Although the temperature and pressure are far lower than those in stars, brown dwarfs can fuse deuterium. Space scientists can detect them because they emit heat and light as well, usually by observing infrared wavelengths. And it just so happens that the James Webb Telescope was made to examine objects in the infrared spectrum.

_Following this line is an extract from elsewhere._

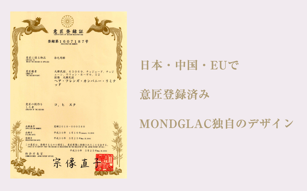 「MONDGLAC」の特殊なデザインは日本・中国・EUで意匠登録済み。同じ機能、同じデザインは他のコームにはありません。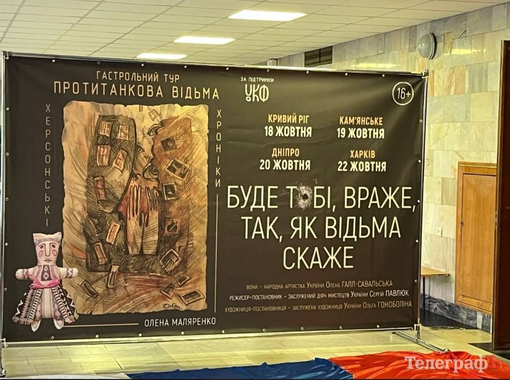 Кременчуцьким шанувальникам показали моновиставу про херсонську окупацію «Буде тобі, враже, так, як відьма скаже» за п?єсою херсонської письменниці Олени Маляренко «Протитанкова відьма».

Webb Telescope detects brown dwarf
Earlier images of the new dwarf showed a reddish hue to its atmosphere, which instantly grabbed scientists' attention. Now, research on the image revealed that the atmosphere of the brown dwarf is similar to most other dwarfs - filled with methane, sodium, water, potassium and carbon dioxide. They also found thick layers of clouds, which are believed to be made of silicate particles. The study further noted that brown dwarfs can be encircled by dusty clouds, which can have an impact on their brightness. Scientists believe that this will represent a big step towards a detailed study on exoplanets and brown dwarfs in the future.
"Jupiter is the biggest planet in our solar system. It's similar to a star, but it never got big enough to start burning," says NASA. Jupiter is not considered a brown dwarf because, "First and foremost, it simply does not have enough mass to fall under the classification of a brown dwarf, with your typical brown dwarf around 0.013 solar masses or 13 Jupiter sized planets in weight, with even the smallest size still 10 times the mass of Jupiter, says Scope The Galaxy.